でも最近のBちゃんは、周囲の子達が部屋を移動するのを見て動いたり自分より先に遊び始めた子達がいる場所に来て一緒に座って関わろうとしたりするなど、目覚ましい変化が見られます!

 

いつもだったら一緒にタンバリンを叩くか「私の好きなように使わせて~!」という感じで離したがらないBちゃんが、周囲の雰囲気や流れ、音のリズムを感じ、目の前の職員と一緒になって小さくリズムを刻めたことにBちゃんの世界の広がりを感じました。

 

 

また、“動”の活動では、いろいろな音や曲に合わせて動くことで、まだ未発達な四肢の動きや体幹を鍛えるといったことをねらいにして子ども達の動きを誘い出していきます。

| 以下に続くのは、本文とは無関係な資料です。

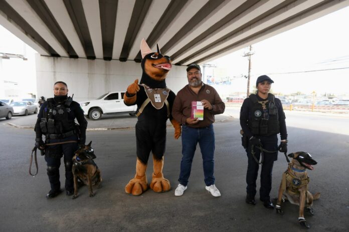 Ciudad Juárez, Chih .- Personal de la dependencia, en coordinación con Seguridad Pública Municipal y Protección Civil se colocó en el Puente Rotario, en el cruce de las avenidas Tecnológico y De la Raza, donde estuvieron repartiendo volantes del Maltratómetro, el cual indica las distintas manifestaciones de violencia contra los animalitos a través de colores.
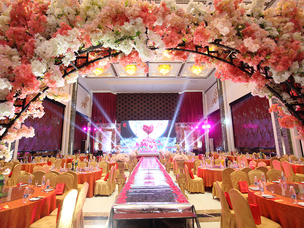 观澜国际名堂大气,特殊适合举行盛大的婚宴。四个婚宴大厅天天最多可承接200桌喜宴;
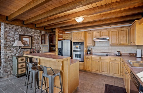 Inside you will find a beautiful rustic welcoming lake feel. Enjoy the fantastic views from almost any room in the house! The main level has a fully stocked kitchen equipped with a drip coffee pot and a dining room with seating. Kick back and relax in the living room or enjoy a game of pool in the bar room! You’ll also find the primary bedroom with a king bed and en-suite bathroom on the main level as well as a room with two bunks that are twin-over full. Upstairs, there’s a loft with an extra living area to relax and watch tv, play games, or take a nap. There are two bedrooms on this level with queen beds and one bathroom.
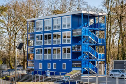 Freitreppe mit grasbedeckten Seitenflächen vor einem modernen, geschwungenen Gebäude mit weißer Fassade und dunklem Unterbau.

「♪ぞうさん」「♪おうまのおやこ」「♪かえるのうた」でいろいろな生き物になりきる他、早いテンポの音楽に合わせて仰向けになって足を動かす『自転車こぎ』の動きなども行いますよ。

十分身体を動かした後は、子ども達も若干興奮して気分も高まりやすくなるので、そんな時は「♪ゆりかごのうた」という子守唄のメロディを弾き、クールダウンの時間。

 

そこで見られたのは、周囲の動きに合わせて寝ころぼうとするC君の姿でした。

今までのC君は、音楽によって場面や雰囲気が切り替わっても、まだ状況を上手く把握することが難しいので職員が横になる動きを促していました。

 

でも、この時のC君は次々に寝ころぶ職員や友達の姿を観察し、

『あれ?みんな寝ころんでる。ぼくもそうしようかな』

というように自分から寝ころぶことができました。第三者の人からすると何でもない動きに思えるかもしれませんが、誰に言われるでも促されるわけでもなく、自分から周囲の様子を観察し、そこに合わせようとする姿を見て「周囲の人や環境に自発的に合わせる力」が育ってきているな、と思いました。

 

 

まふぃんでは、冒頭にお伝えした社会性の広がり以外にも、自分で状況を察知し、物事を判断しながら行動していく主体的な行動も大きなねらいにしています。

ただ、これらのねらいを達成するには、乳幼児期に身近な環境に自分から関わっていく経験が大切になります。

「面白そうだな」「ちょっとやってみようかな」という興味・関心から、そこに置いてある玩具や物を操作し、遊んで楽しんだり別な子と取り合いになって泣いたり怒ったりする。徐々に相手を意識して遊べるようになったら、取り合いやちょっとした喧嘩も経験しながら交代して使おうとするなど、子どもの成長には段階があり、社会性や主体性もその経験を基にして徐々に伸びていくものです。

 

できる限り大人は見守りに徹し、子ども達の純粋な興味・関心を引き出した上で、いかにこちらが意図しているねらいに繋げていけるかを常に考えながら、これからも子ども自身が自発的に遊べる環境設定や活動を展開していきたいと思います。